Sebagai penutup, saya ingin tantang setiap pendukung Gandhi, setiap orang yang berpikir mereka memahami Gandhi, yang mengakui Gandhi sebagai salah satu jiwa besar pada zaman kita, saya menantang Anda dalam sebentuk pertanyaan.
Tolong jelaskan bagaimana kami, para pembela Mavi Mamara, bukanlah contoh modern dari esensi Gandhi? Tapi pertama-tama bacalah dulu kata-kata Gandhi sendiri.
“Saya percaya bahwa, dimana hanya ada pilihan antara menjadi pengecut atau kekerasan, maka saya akan menyarankan kekerasan .... Saya lebih memilih India untuk angkat senjata dalam rangka membela kehormatannya daripada ia harus, dengan cara pengecut, menjadi saksi tak berdaya atas keterhinaannya sendiri.” ~ Mahatma Gandhi
Dan terakhir saya punya satu tantangan lain.
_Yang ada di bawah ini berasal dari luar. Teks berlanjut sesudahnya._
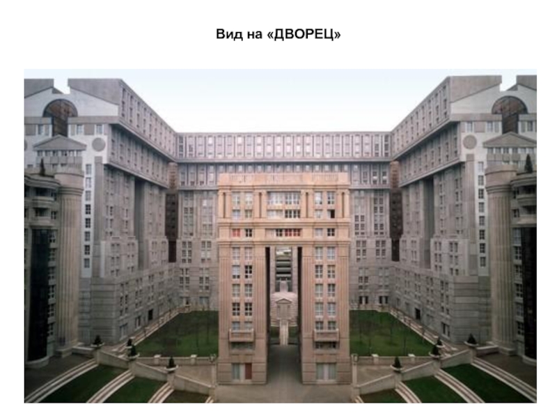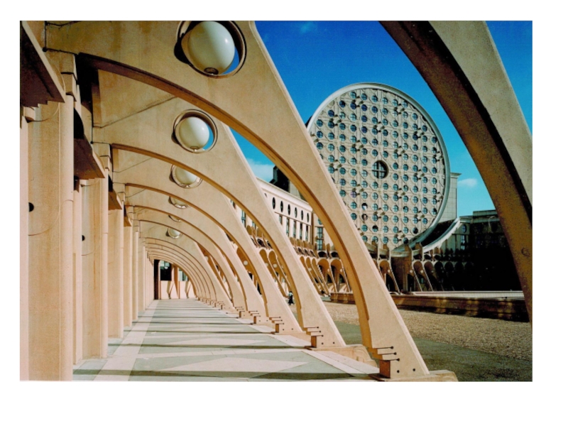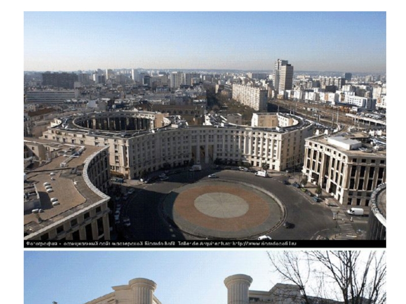гг. в новом городе Марн-ля-Валле под Парижем. Он включает 591 квартиру и делится на три здания: Дворец в 19 этажей, Театр в 9 этажей и Арка в 10 этажей. Этот жилой монумент, воплотивший идею греческого театра, имеет форму полукруга. На внутреннем фасаде до седьмого этажа сделаны большие колонны из стекла, выполняющие роль эркеров. Их блестящие поверхности увенчаны двухэтажным фризом и карнизом, на котором размещена богатая растительность. В нижней части здания — амфитеатр из широких озелененных террас. Строительство, несмотря на сложный и многообразный архитектурный язык, выполнялось из типовых сборных деталей заводского изготовления.

Saya menantang setiap kritikus nilai, secara terbuka, untuk berdebat dengan saya di panggung terbuka atas tindakan kami pada hari itu. Saya terutama akan sangat senang untuk berdebat dengan para pemimpin Israel yang menuduh kami bersalah, dan akan senang luar biasa untuk menghadapi kalian.
Semua yang saya saksikan dari Israel hanyalah para pengecut dengan senjata, jadi saya siap untuk melihat Anda dalam konteks yang baru. Saya ingin berdebat dengan Anda di panggung terbuka. Anggap ini sebagai tantangan terbuka dan mari kita lihat seberapa berani pemimpin Israel.